■ Work task
Leaving all pictures aside, copy exactly the lines from the start of the listing below through the line that contains "Ich möchte diesen", and only those lines.

--- Data provided Enclosed Below ---

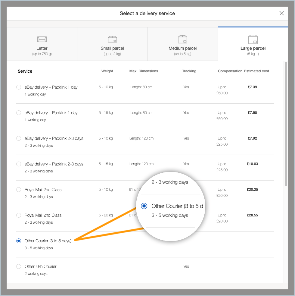 You will now be shown a pop-up where you can choose from numerous options. To give your customers a clear delivery rate go to the fourth tab which says ‘Large Parcel’.
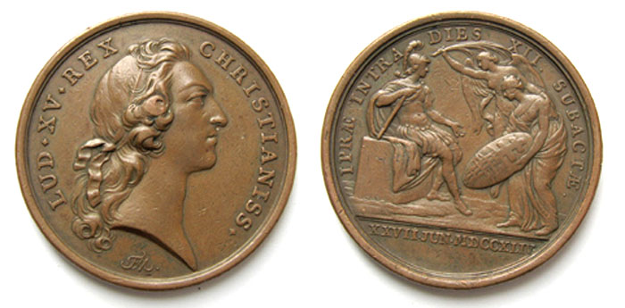 Ich möchte diesen Thread mal wieder ein wenig beleben und eine weitere Medaille aus der Suite um Louis XV. vorstellen:
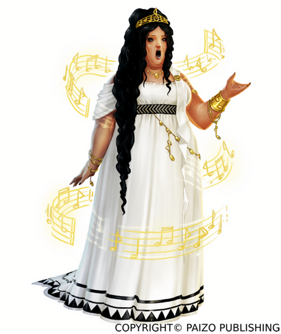 缪斯守护 Muse's Ward(Su):缪斯将守护的音乐融入她的珠宝和衣服中,这为她(但不能是其他人)提供+4的护甲 AC 加值,并且允许她将魅力调整值的一半加在她的体质调整上来计算生命值。这些音符还可以作为所有表演的精致乐器。
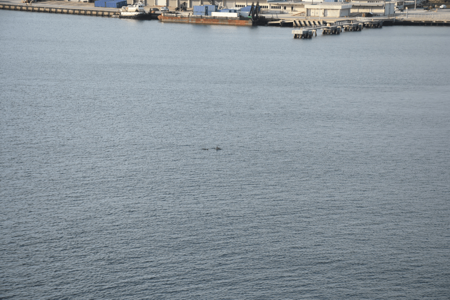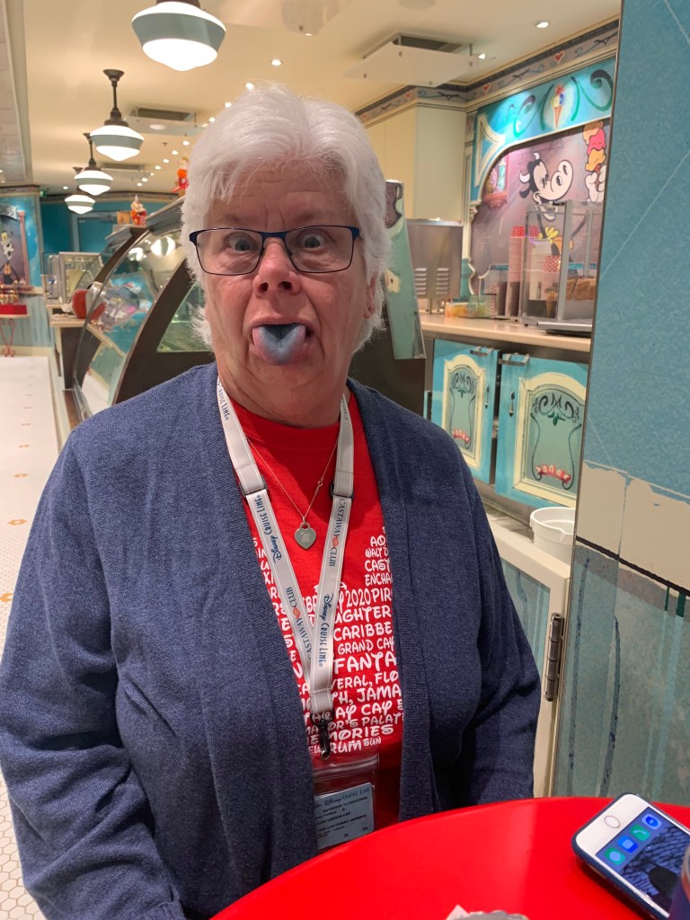 I had the Salmon Salad and the Welcome Aboard sundae. It was very good. After lunch we headed up to the 11th floor and found a nice place outside the Cove to relax and wait until our room was ready. We headed down to floor 10 and drop off our bags. My suitcase was there waiting at the door (mom’s didn’t arrive for a couple more hours).We did see the doors and elevators that the staff uses to bring up all of the suitcases and their supplies. It was pretty cool! We did see bags still being put out around 6 pm. Luckily I have never had a bag arrive that late.  After I unpacked my bag we went up to the Spa to try and win a price. Sadly we did not win a drawing (spoiler Day 3 I get a certificate for $50 off acupuncture, I don’t do it). After the Spa we stopped by the room to relax and mom’s was there when we went to leave (so about 4:00). Then we relaxed in the room for a few minutes until it was time for the drill. Our drill location was inside the Buena Vista Movie Theater, so yes we sat in the AC and in comfy chairs). This would have been so much better when we had all the kids! After the drill we went and got our detective case!  Mom is trying to find out who stole the puppies and get them back. I am on a Muppet case (honesty I don’t know what the crime is). While standing on our balcony as we left port we saw some dolphins!

--- End of Enclosed Data provided ---

■ Result of the exercise
 You will now be shown a pop-up where you can choose from numerous options. To give your customers a clear delivery rate go to the fourth tab which says ‘Large Parcel’.
 Ich möchte diesen Thread mal wieder ein wenig beleben und eine weitere Medaille aus der Suite um Louis XV. vorstellen:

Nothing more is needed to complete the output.